• [WHAT IS EXPECTED]:
Quote every line of the data below as it stands, omitting pictures.

• [DATA SECTION]:
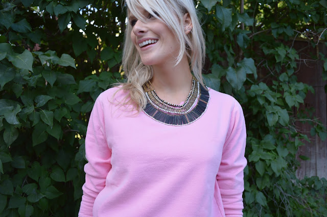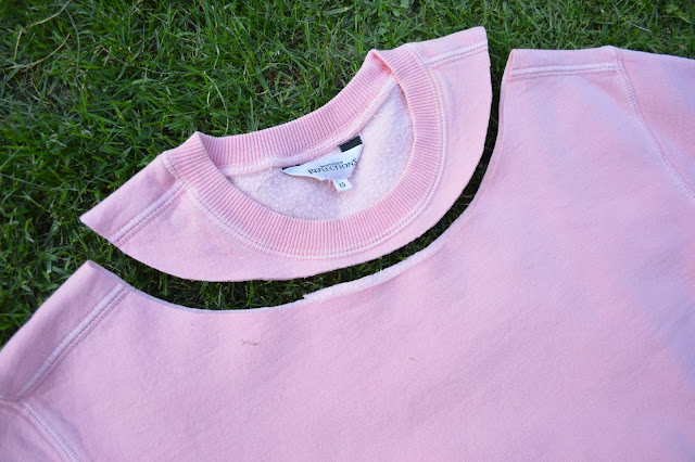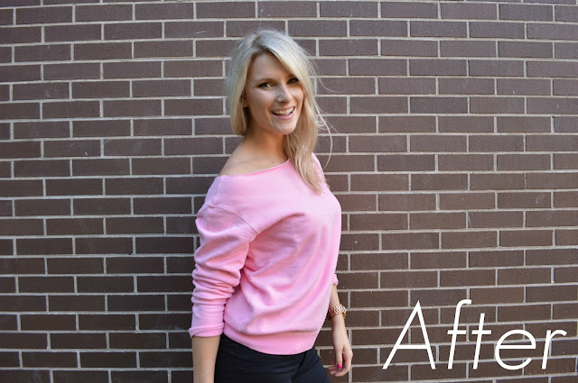 While Northern Reflections is still geared towards a slightly more mature crowd, they are definitely re-branding themselves to appeal to a younger market. That said, I was stoked when I circled around the store and found this perfectly faded pink sweatshirt (which also comes in white, blue and grey). After trying it on, I concluded an x-small would be a good place to start but the snug, restrictive neckline had to go.
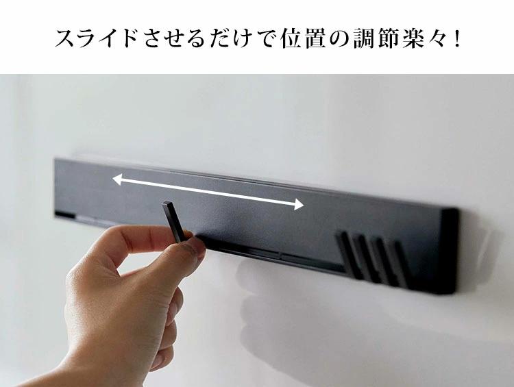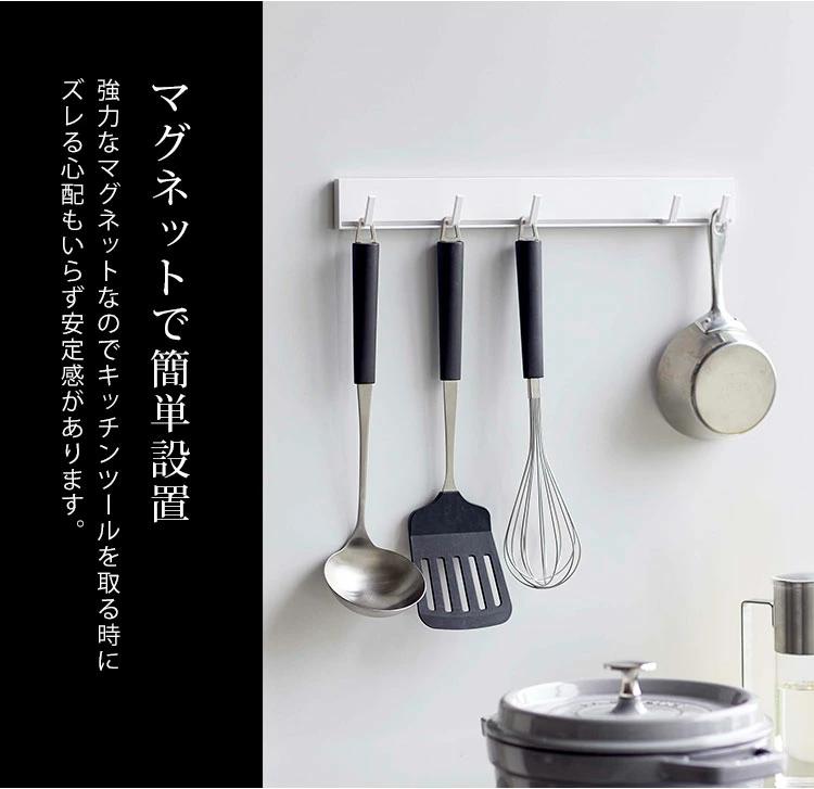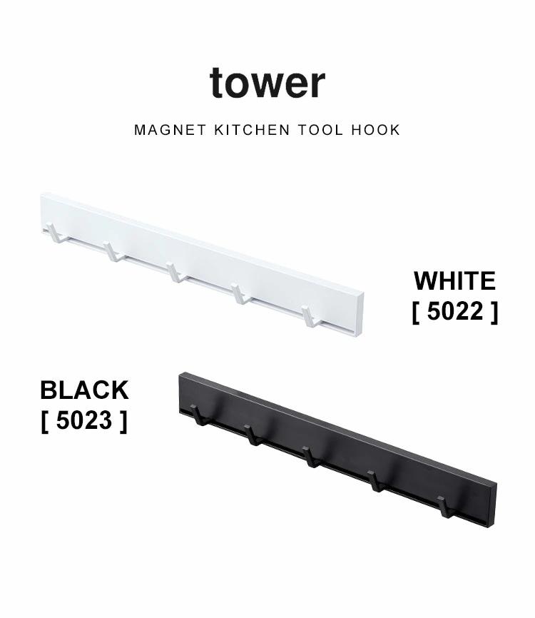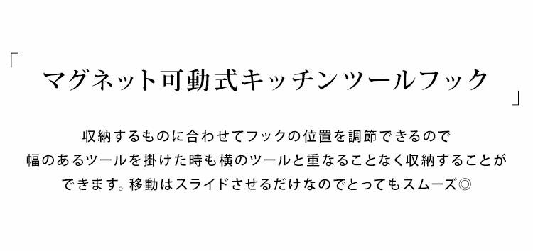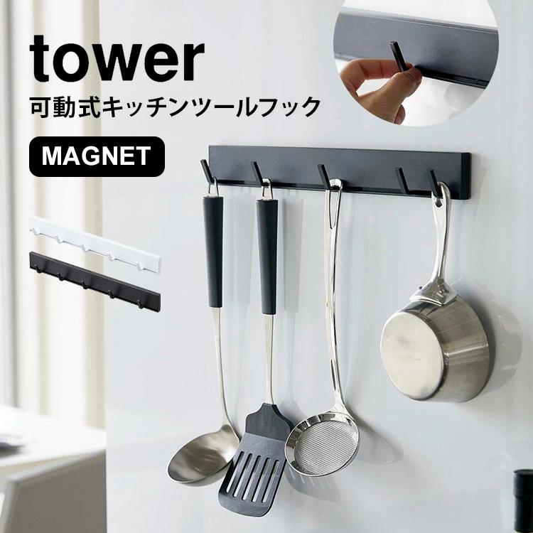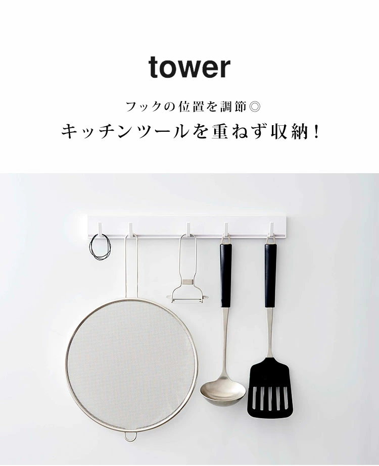 【マグネット可動式キッチンツールフック】丁寧な暮らしをするおしゃれさんたちにお届けする、シンプルながらもアイデアのつまったtowerシリーズ。強力マグネットで簡単取り付け!幅のあるキッチンツールを重ねずに収納出来る、可動式のキッチンツールフック。フックを横にスライドするだけで簡単に移動させることができます◎
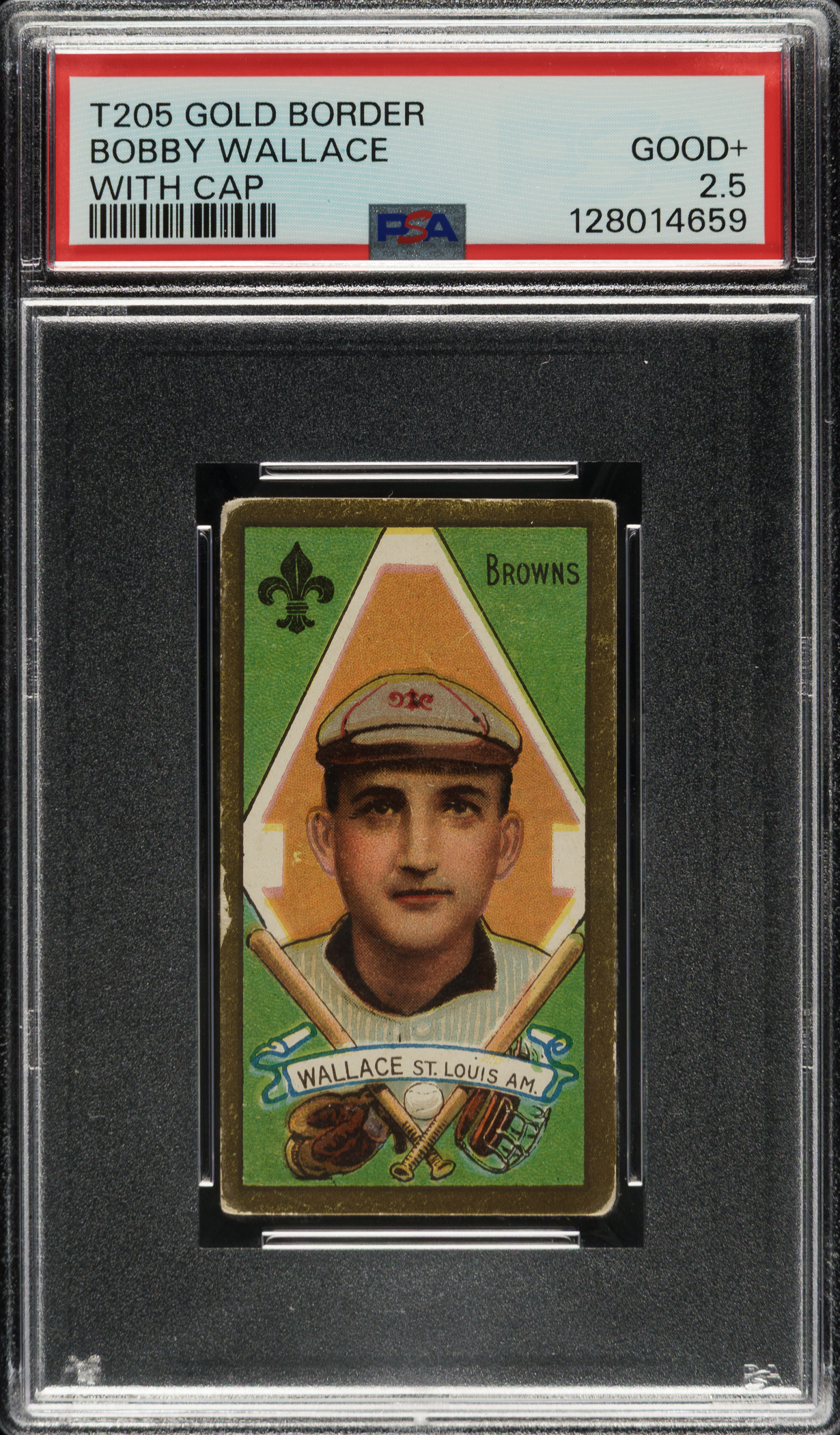 Lot # 805: 1911 T205 Gold Border Bobby Wallace with Cap PSA GOOD+ 2.5
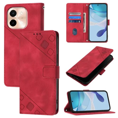 Funda de Piel con Relieve para Teléfono Vivo Y28 4G (Roja)
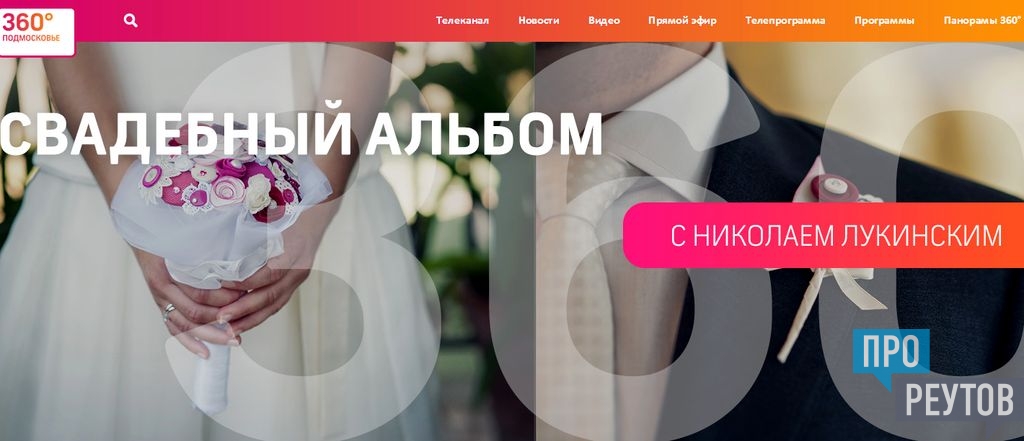 Съёмки одного из выпусков реалити-шоу «Свадебный альбом» на телеканале «360°» прошли в Реутове. «Свадебный альбом» — не совсем обычное шоу. Скорее, это документальная хроника испытаний, через которые проходит пара выбранных путем голосования на сайте телекомпании молодожёнов. И если в ток-шоу герои подстраиваются под сценарий программы в искусственно созданной среде, то в случае с программой «Свадебный альбом» всё наоборот — камера следует за героями в режиме повседневной реальности.

• [ANSWER TO THIS EXERCISE]:
 While Northern Reflections is still geared towards a slightly more mature crowd, they are definitely re-branding themselves to appeal to a younger market. That said, I was stoked when I circled around the store and found this perfectly faded pink sweatshirt (which also comes in white, blue and grey). After trying it on, I concluded an x-small would be a good place to start but the snug, restrictive neckline had to go.
 【マグネット可動式キッチンツールフック】丁寧な暮らしをするおしゃれさんたちにお届けする、シンプルながらもアイデアのつまったtowerシリーズ。強力マグネットで簡単取り付け!幅のあるキッチンツールを重ねずに収納出来る、可動式のキッチンツールフック。フックを横にスライドするだけで簡単に移動させることができます◎
 Lot # 805: 1911 T205 Gold Border Bobby Wallace with Cap PSA GOOD+ 2.5
 Funda de Piel con Relieve para Teléfono Vivo Y28 4G (Roja)
 Съёмки одного из выпусков реалити-шоу «Свадебный альбом» на телеканале «360°» прошли в Реутове. «Свадебный альбом» — не совсем обычное шоу. Скорее, это документальная хроника испытаний, через которые проходит пара выбранных путем голосования на сайте телекомпании молодожёнов. И если в ток-шоу герои подстраиваются под сценарий программы в искусственно созданной среде, то в случае с программой «Свадебный альбом» всё наоборот — камера следует за героями в режиме повседневной реальности.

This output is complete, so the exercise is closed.